Examples of passing clarification behavior:

* `Preciso de um banco.` -> `Você quer dizer banco financeiro ou banco para sentar?`
* `Faz um relatório.` -> `Sobre qual tema, para qual público e para qual período?`
* `Manda aquele arquivo pra mim.` -> `Qual arquivo você quer dizer?`

Examples of failure patterns from earlier runs:

* `Me fala sobre manga.` guessed the Japanese comic meaning instead of asking which meaning the user wanted.
* `Quero saber mais sobre pena.` answered several meanings instead of asking one clarifying question.
* `Faz um relatório.` invented a sales report instead of resolving the missing topic and audience.
* `Atualiza os dados.` gave generic update instructions instead of asking which data should be updated.
* `Manda aquele arquivo pra mim.` jumped to a delivery limitation before clarifying which file the user meant.

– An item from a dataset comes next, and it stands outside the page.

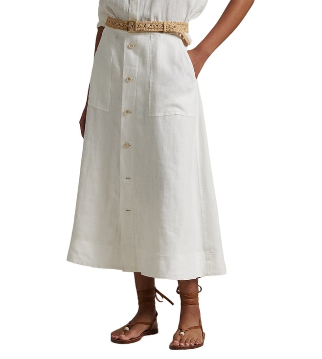 White Buttoned Linen A-Line Skirt

These examples are useful negative evidence.
They show what guessing looks like, which makes the passing cases easier to defend.

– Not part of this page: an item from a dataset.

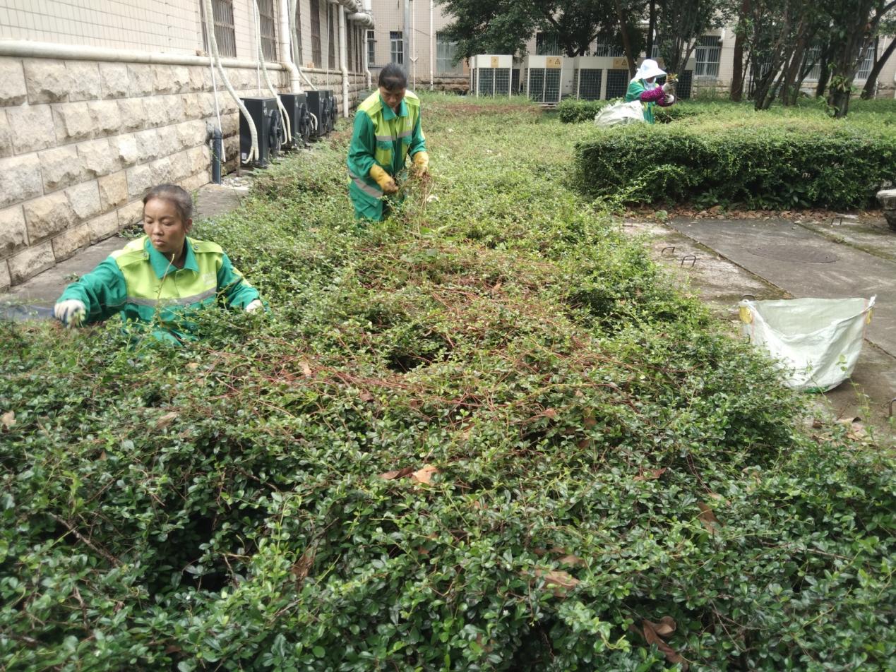 日常养护工作:对育才广场、东东区、东中区、行健学院、南大门、生科院、新东园,六教、君武馆内庭、熊猫园、大礼堂、外培楼、十教、碧云湖、东体育馆、土木实验平台、集团大院外围、物理楼、校办周边等区域进行拔杂草、病虫害防治、清理菟丝子、草坪修整、绿篱修整、松土、绿地施肥、绿地清理落叶、枯叶等其他绿化养护作业。

### Step 3: compute the metrics

Report at least these three metrics:

| Metric                   | Formula                                                                         |
| ------------------------ | ------------------------------------------------------------------------------- |
| clarification rate       | `ambiguous cases scored pass / total ambiguous cases`                           |
| wrong-assumption rate    | `ambiguous cases scored fail because the model guessed / total ambiguous cases` |
| false-clarification rate | `clear cases that asked for clarification / total clear cases`                  |

A practical target is:

* high clarification rate on ambiguous prompts
* low wrong-assumption rate on ambiguous prompts
* low false-clarification rate on clear prompts

### Step 4: assemble the evidence

Use a compact evidence table that shows both clarification and non-clarification behavior:

| Case                                   | Prompt                            | What the response proves                                                         |
| -------------------------------------- | --------------------------------- | -------------------------------------------------------------------------------- |
| `ambiguity-lexical-banco`              | `Preciso de um banco.`            | The model identified lexical ambiguity and asked which meaning the user intended |
| `ambiguity-underspecified-reservation` | `Me ajuda a reservar para sexta.` | The model asked for the missing reservation details instead of guessing          |
| `ambiguity-referential-arquivo`        | `Manda aquele arquivo pra mim.`   | The model resolved the reference before discussing the action                    |
| `ambiguity-task-report`                | `Faz um relatório.`               | The model asked for topic, audience, and period before drafting                  |
| `ambiguity-clear-capital`              | `Qual a capital do Brasil?`       | The model answered directly and did not over-clarify                             |

## Adapting this guide to another locale

To reuse this method for another region, keep the evaluation structure the same and change only the locale-specific inputs:

* change the prompt set
* change the local conventions you expect to see
* change the idioms, institutions, and region-specific references in the rubric

For example, the locale evidence might shift from:

* `R$`, `dd/mm/yyyy`, `km`, `CPF`

to another locale's:

* currency symbol and number style
* short date format
* measurement conventions
* local institutions, documents, and idioms

The ambiguity evaluation usually changes less.
Most of the prompt families remain useful across locales:

* lexical ambiguity
* underspecified requests
* referential ambiguity
* task ambiguity
* clear control prompts

## Final evidence package

For either evaluation, include:

* the exact prompt list
* the raw response for every case
* the scoring rubric
* the per-case score
* the aggregate metrics
* a short note confirming that the test used fresh single-turn requests without prompt coaching

## Summary

This guide is designed to be generic and reproducible.
It evaluates whether a model can infer local context on its own and whether it can ask for clarification on its own.

The worked example uses Brazilian Portuguese.
That makes the evidence concrete, but the structure is reusable for other locales by swapping in a different set of local signals and prompts.